The ductal system of the breast consists of the nipple, lactiferous ducts, segmental ducts, and terminal duct lobular units (TDLU, Fig. 9.2). The components of the TDLU are the terminal duct and the lobule. The TDLU is the location where most carcinomas arise. The lobule consists of ductules and acini. Underlying these components is a basement membrane on which a layer of myoepithelial cells rests. Further toward the lumen is a layer of columnar epithelial cells. The organization of these ductal tissue bears on the pathological assessment, with intact basement membrane demarcating in situ disease with its distinct prognosis.

When breast cancer is suspected, the objective for the pathologist is to make the distinction between invasive breast cancer, in situ disease, and other non-malignant proliferative lesions of the breast. There are a variety of non-malignant conditions that may produce masses resembling tumors in some way. In one study of a large series of women with breast complaints, 40 % had fibrocystic disease, 10 % had biopsy-proven malignant tumors, and 7 % had benign tumors.

Criteria used to make the histopathologic diagnosis include nuclear morphology, mitotic activity, and tissue architecture. From this information a classification as malignant or not and, if applicable, malignant classification can be made. The most common classifications are invasive ductal carcinoma (IDC), ductal carcinoma in situ (DCIS), and invasive lobular carcinoma (ILC). Additional information required for complete pathological assessment includes, surgical margins, nodal status, and biomarker expression. Each of these parameters contributes to staging, treatment planning, and ultimately prognosis.

The major histologic criteria that distinguish IDC, ILC, and DCIS are nuclear morphology, stromal and ductal element architecture, and basement membrane integrity. The “ductal” and “lobular” designations in histopathologic diagnoses do not indicate location of origin, but rather morphologic type [54].

IDC includes 70–80 % of breast carcinomas and includes those that cannot be classified as any other subtype. Rather than being a distinct morphological type of cancer, IDC is equivalent to the Not Otherwise Specified (NOS) or of No Special Type (NST) designation used in the classification of other cancers. Histologically, most have abundant fibrous stoma that gives the tumor a firm consistency, also called a scirrhous carcinoma. Tumor cells are seen to be invading the stroma in cords or nests. The nuclear morphology ranges from moderately hyperchromatic to large, irregularly shaped, and very hyperchromatic.

DCIS is differentiated from invasive cancer by the presence of an intact basement membrane and a circumferential and intact myoepithelial cell layer. With the advent of mammographic screening for cancer, DCIS as a diagnosis has increased tremendously and now comprises about 20–25 % of newly diagnosed breast cancers. Five types of DCIS are recognized based on histologic architecture: comedo, solid, cribriform, papillary, and micropapillary. Usually some mixture of these patterns is observed.
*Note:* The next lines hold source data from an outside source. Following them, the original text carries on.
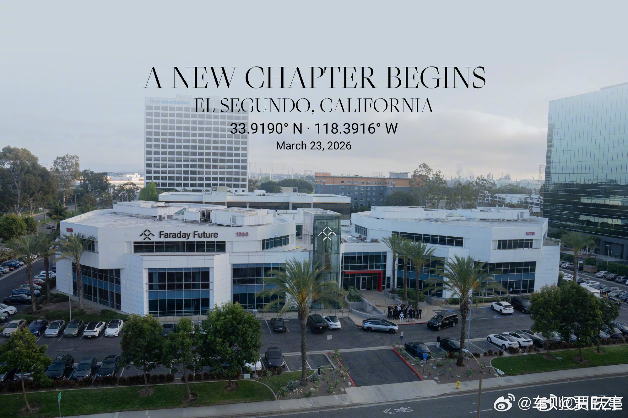 最早提出的生态链的乐视恭喜贾总,新总部,新征程。历经12年,FF正式乔迁洛杉矶硅滩,开启发展新篇章。FF乔迁硅滩总部首日,高管团队合影留念。FFAIFaradayFuture
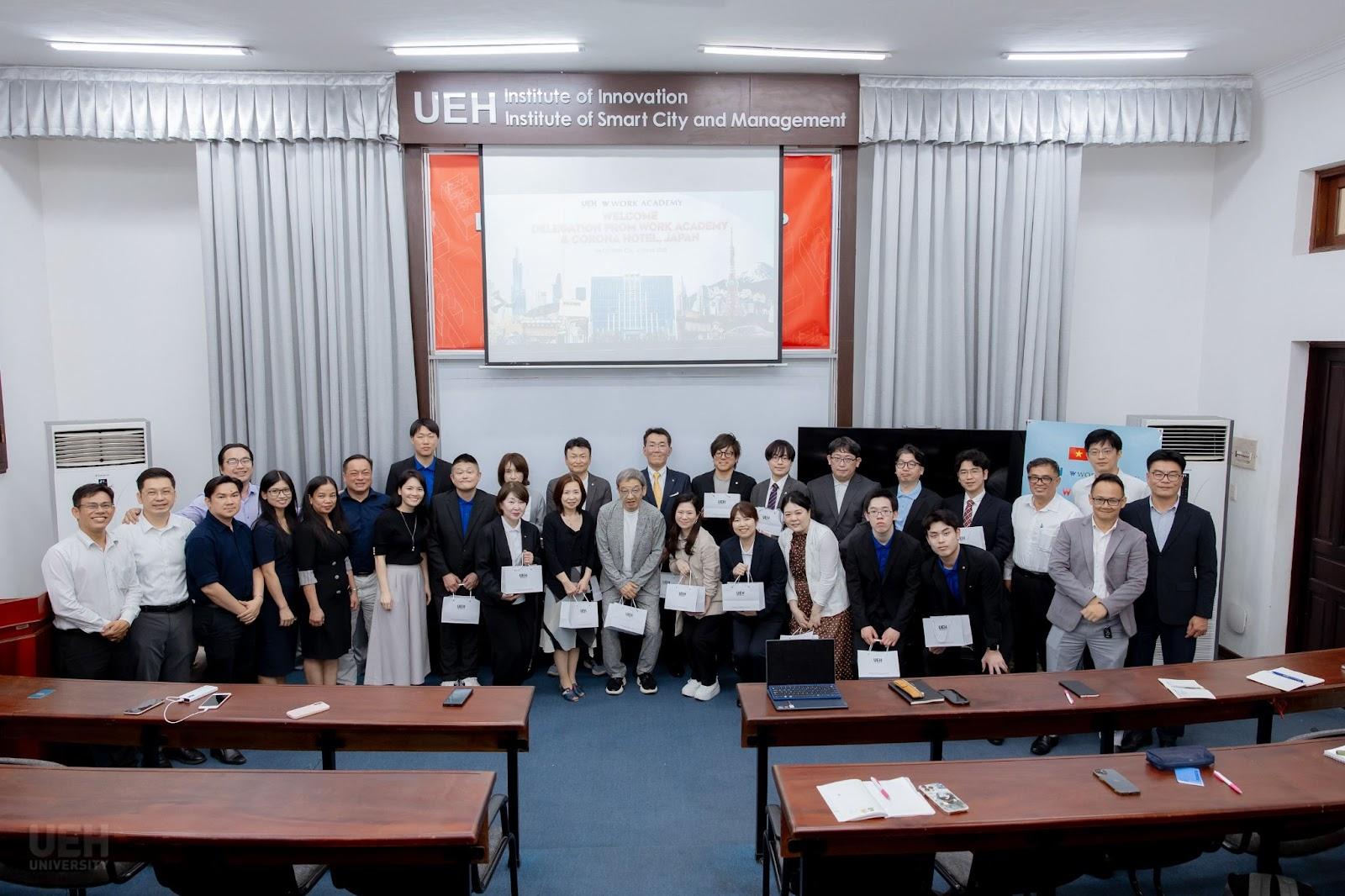 Ngày 04/3/2026, Đại học Kinh tế Thành phố Hồ Chí Minh (UEH) đã tổ chức đón tiếp và làm việc với Đoàn Work Academy và Corona Hotel (Nhật Bản). Chương trình nằm trong khuôn khổ triển khai Thỏa thuận hợp tác ba bên giữa UEH - Work Academy - GOEN Business Training, đồng thời là một trong những hoạt động hướng tới kỷ niệm 50 năm thành lập UEH.
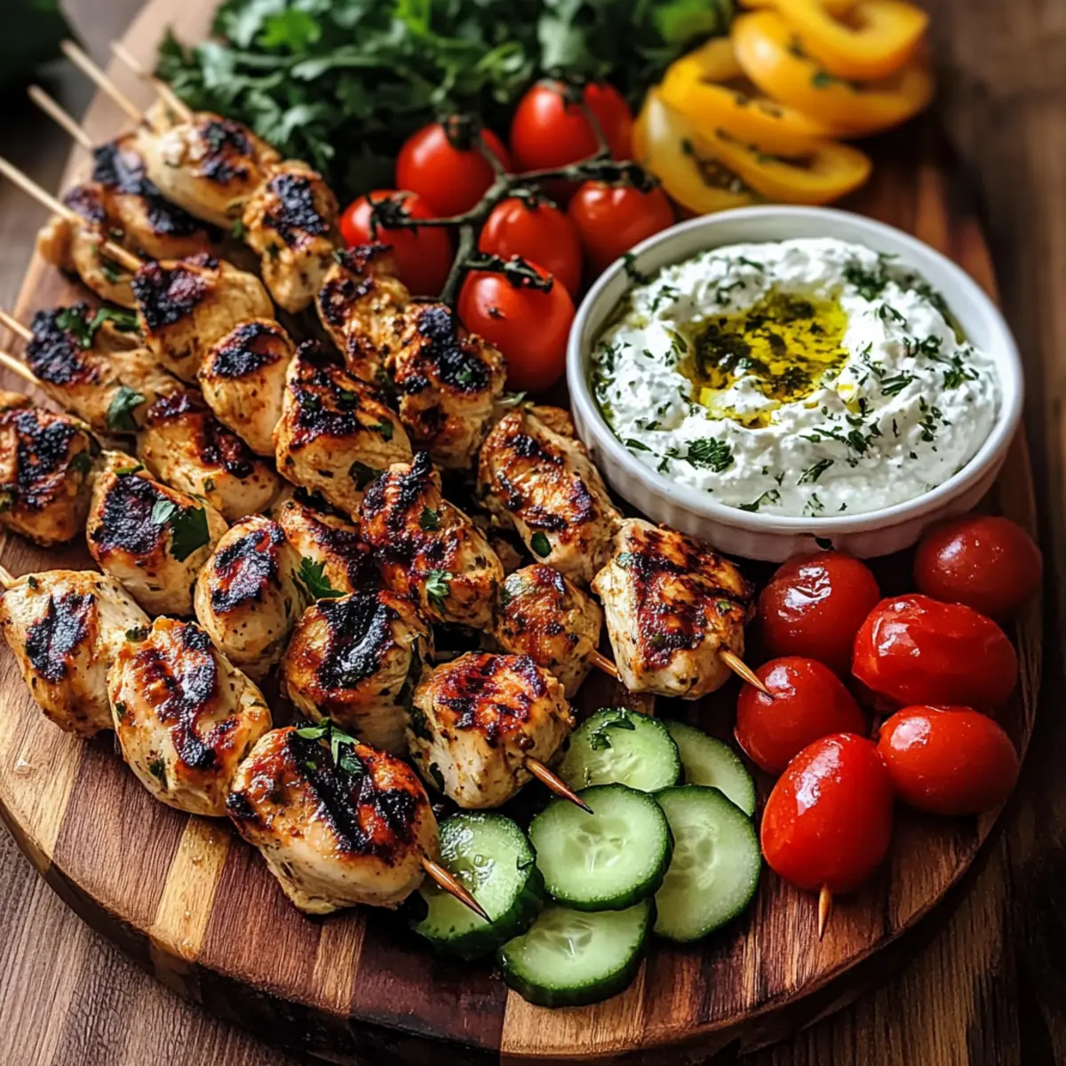 Griechische Hähnchen-Souvlaki-Platte mit Feta-Dip
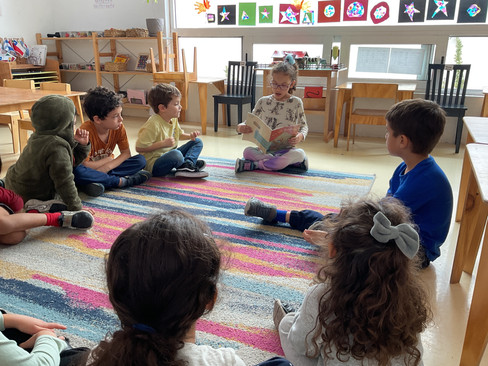 Leonor se ofreció durante el DEAR Time a leer una historia a sus amigos, La caja de juguetes. Escucharon con atención y observaron las imágenes, trabajaron durante Quest creando unas lupas que les permitirían salir a observar con atención su alrededor para descubrir las figuras geométricas a su alrededor.
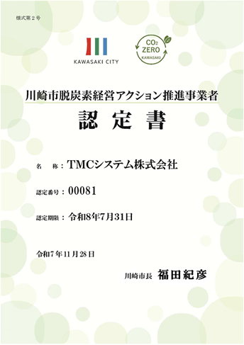当社は「川崎市脱炭素経営アクション推進事業者」の認定をうけました。
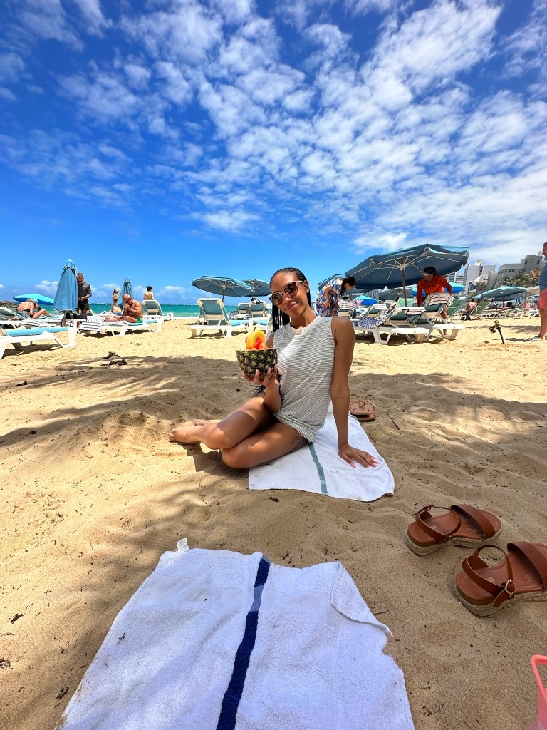 We arrived at Éter Rooftop and… of course, we took an elevator. As we exited, we heard a banging on the one next to us. We later discovered someone was stuck in the elevator! If I ever come back, I will never take an elevator in Puerto Rico because I don’t have time to experience these fears. That’s not the thrill I’m seeking. I know I shouldn’t generalize… but I’d rather that than risk my sanity (forgive me). We ordered drinks. Service was slow, but the view was gorgeous. Once I received it, the garnishment was missing… My drink was naked and room temp lol. Despite my sad cocktail, our waitress was working hard and deserved a tip. We finished our drinks and took more pictures. The girls took the elevator down and I took the stairs because I refuse to be stranded in a metal container while on vacation. A shower was had and sleep followed promptly after because I was beat.
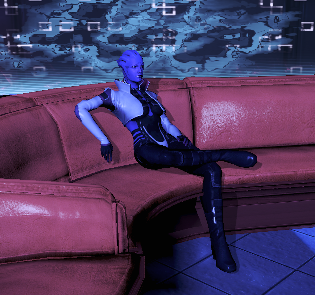 When asked about her current situation, she snaps at Shepard for finding it funny. She angrily states that her confinement to the Citadel with a poor excuse for a nightclub, the constant watch of C-Sec, the lack of Noverian Rum, etc is making life hell for her. She swears revenge against Cerberus for stealing Omega from her.
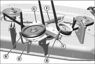 • To remove belt, rotate tension arm (E) slightly counterclockwise and remove secondary belt (F) from sheaves.
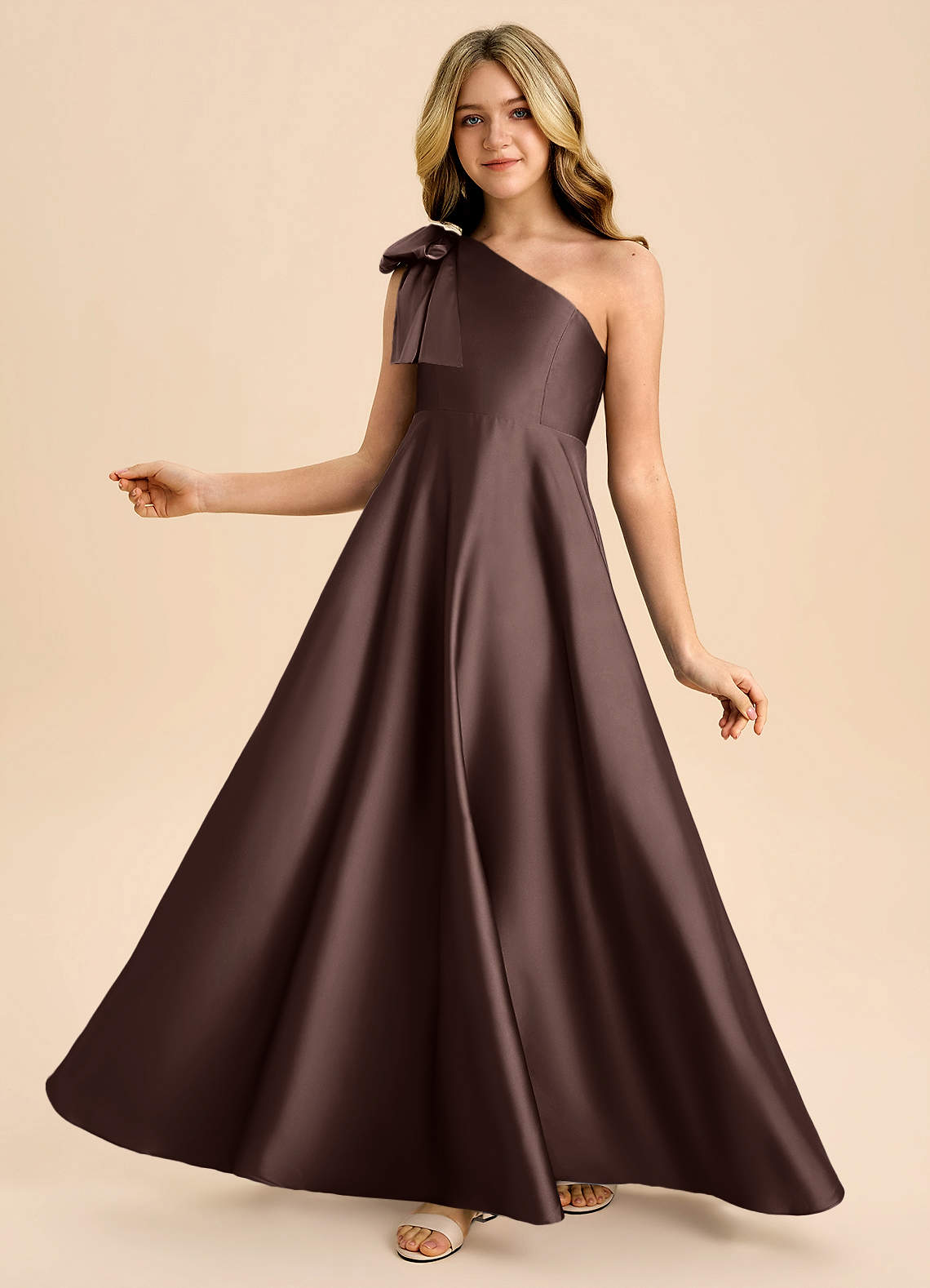 A라인 절하다 스트레치 새틴 플로어 길이 주니어 신부 들러리 드레스
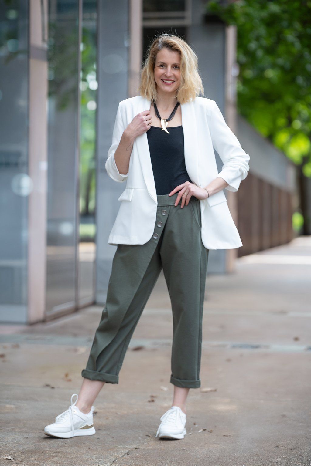 Zakoupila jsem si 2x kalhoty-1x trávově zelené kalhoty Ruby,které naprosto perfektně sedí a jsou ještě k tomu neokoukané!A 1x kalhoty smetanové Merci s páskem,které jsou také moc pohodlné!A petrolejové pružné sako.Vše skvělá volba!
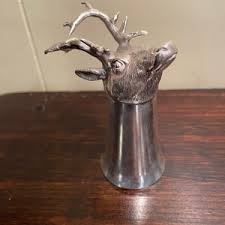 Stirrup cups originated in Britain and Europe as a parting drink offered to guests mounted on horseback before a hunt or journey. By the 18th and 19th centuries they became decorative collectibles, often made in silver, pewter or plated metals and topped with animal heads like stags, foxes or hounds to reflect hunting traditions. In the 20th century replicas and branded versions from fashion houses and silversmiths continued the motif, making stag-head stirrup cups popular as mantel or barroom display pieces.
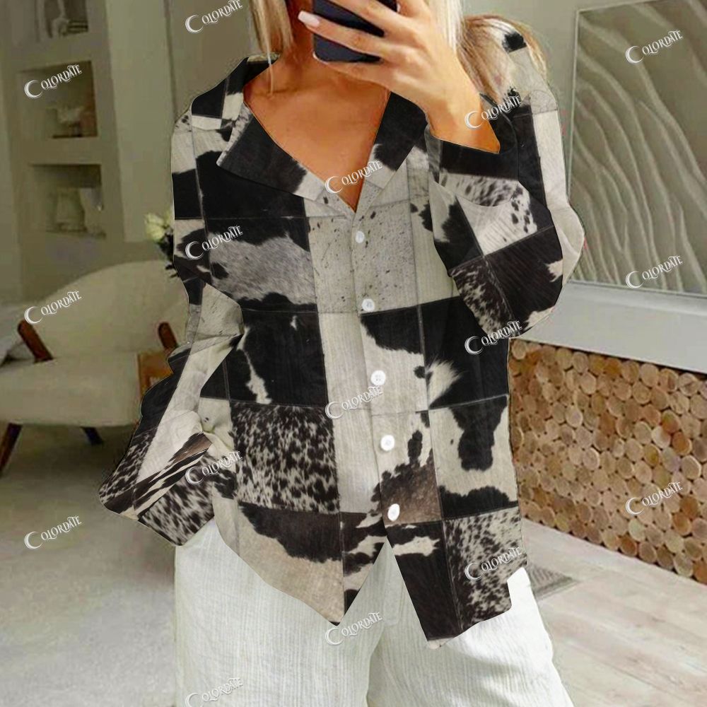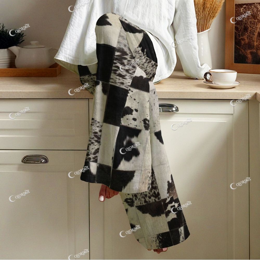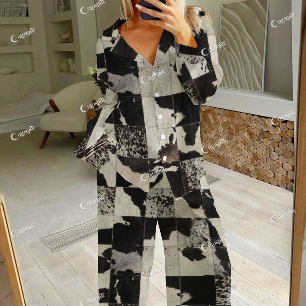 Women's Black & White Abstract Cow Print Cotton Cardigan Homewear Set
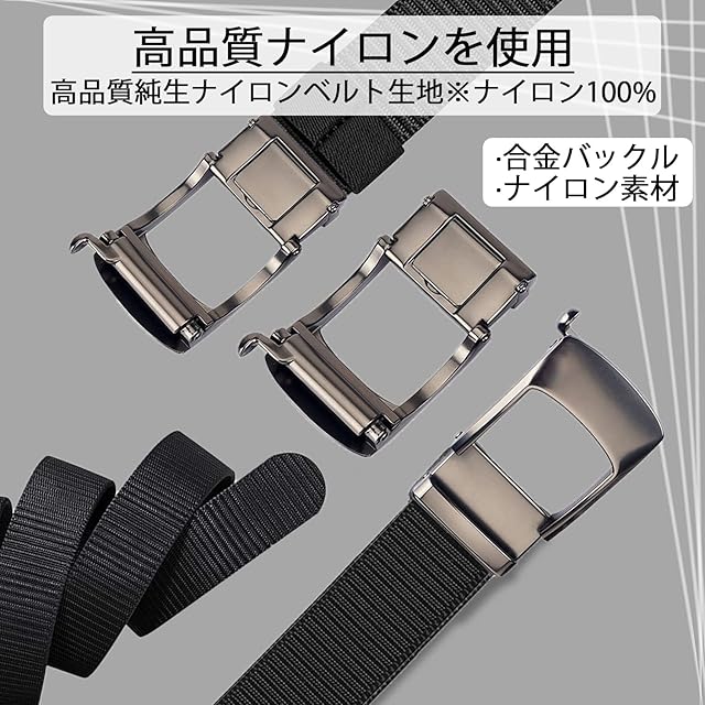 【高品質】 強化バックルは頑丈で丈夫かつ軽量で、外圧に強く耐えます。高品質なベルトなので、ハードな使用でもびくともしません。また、革ベルトとは異なり、様々な体型・ウエストにフィットする無段階調整が可能で、好きな位置で長さを調整できます。どんな体型の方でも気軽に着用でき、長時間のドライブや旅行、会食なども窮屈感なく利用できます。
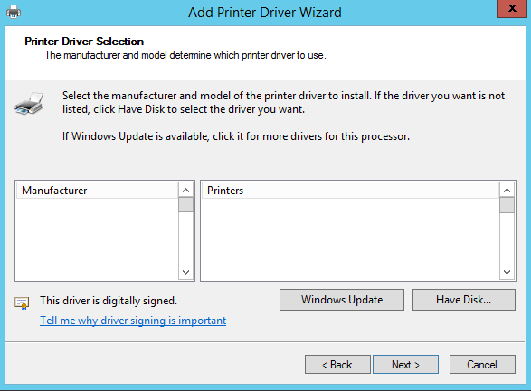 To add a driver > side menu Print groups > action Add > enter group data > keep the option Create generic print queue disabled > on Driver selection > Add
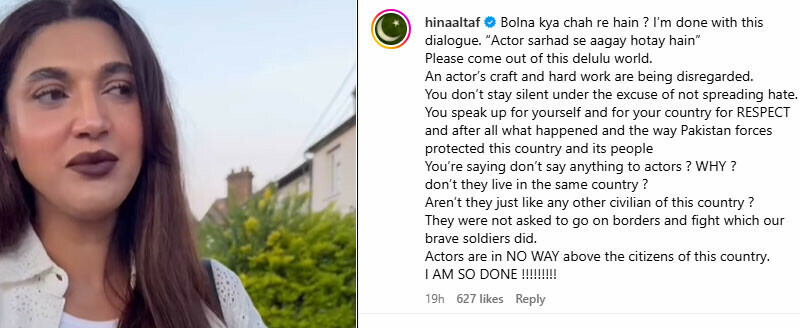 حنا الطاف نے لکھا کہ کسی بھی فنکار کی جانب سے اپنے ملک کی حفاظت اور ملک سے محبت کے لیے بات کرنا جرم نہیں، وہ اپنے وطن کے لیے بات کر سکتے ہیں۔
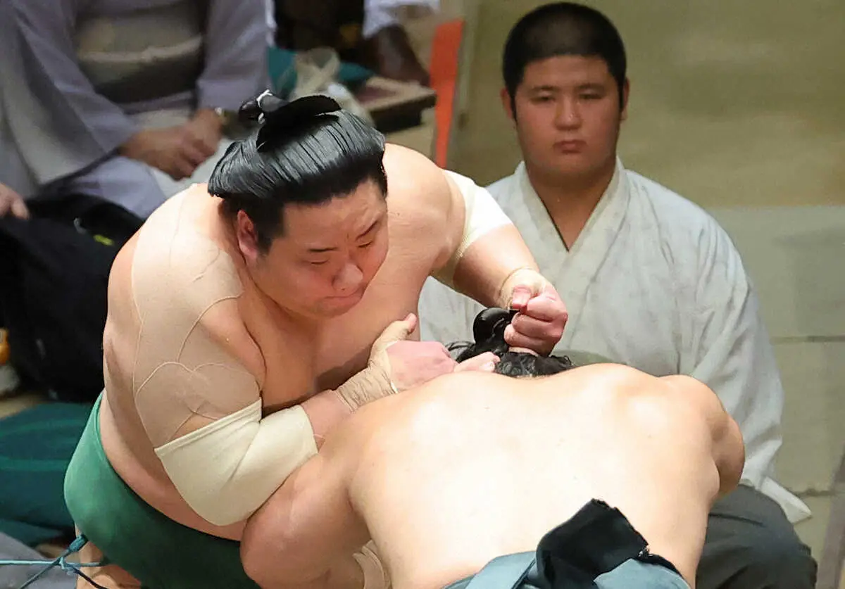 東十両8枚目の朝紅龍(25=高砂部屋)が11勝目を挙げた。東十両10枚目の東白龍(28=玉ノ井部屋)と対戦。はたき込みで敗れたかと思われたが、東白龍にまげを引っ張られており反則勝ちとなった。
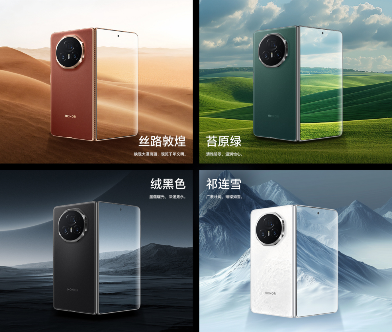 该手机的镜头采用穹顶八边设计,提供丝路敦煌、苔原绿、绒黑色 、祁连雪 4 款配色,折叠态厚度 9.2mm,展开态厚度 4.35mm,重约 226g。
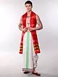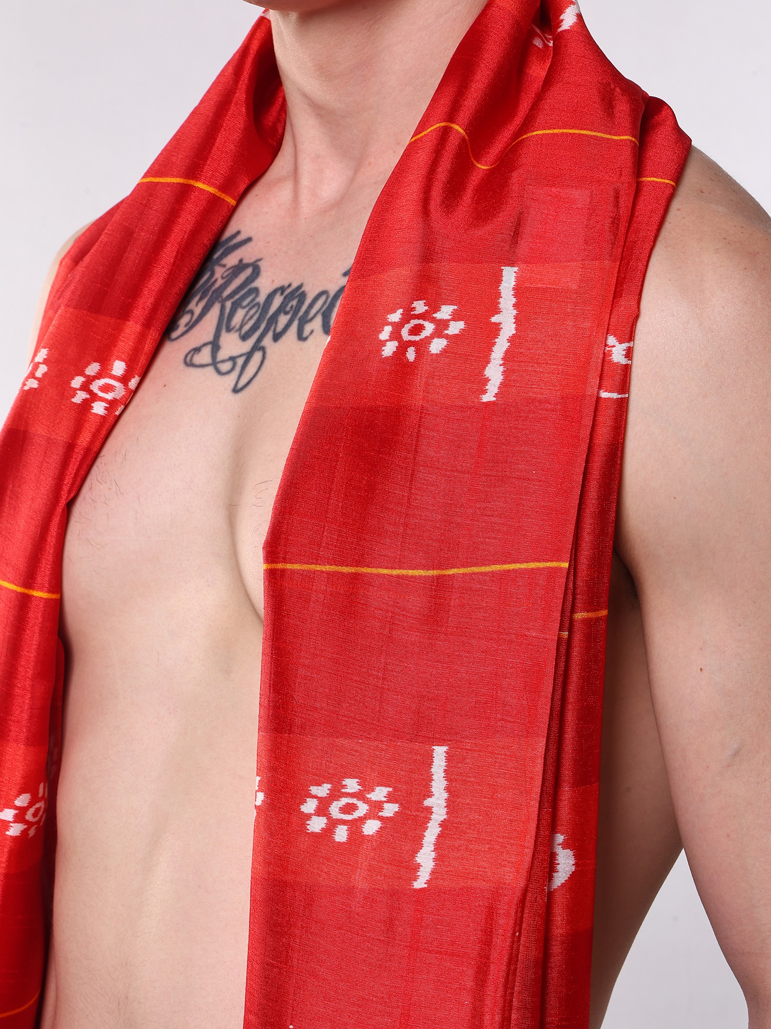 True-Red Tussar Silk Angavastram with Printed Religious Symbols and Multicolor Border

Invasive lobular carcinoma contributes 5–10 % of breast carcinomas. Histologically, the tumors have a diffusely invasive pattern which may make the tumors more difficult to detect by palpation or mammography. The cells are small with less nuclear pleomorphism than IDC. Cells are usually diploid and HR positive. The prognosis for ILC is better than for IDC. The remaining proportion of cases are composed of a mix of several different types of less common tumors.

Various grading systems have been developed over time in recognition of the fact that diminished differentiation of tumor cells, reflected in histologic features of the tumor, correlate with reduced survival. Currently, the most commonly used system is the Nottingham System, modified from the Bloom Richardson grading system [55]. The grade of cancer is representative of the aggressive potential; low grade cancers tend to be less aggressive than high grade cancers. The Nottingham Histologic Score system uses three factors to arrive at grade:

The features receive a score from 1 to 3, which are then summed to yield a final grade score ranging from 3 to 9. Grade 1 tumors have a score of 3–5, grade 2 tumors have a grade of 6–7, and grade 3 tumors have a score of 8–9. Grade 3 tumors are the most aggressive and carry the worst prognosis (Fig. 9.3).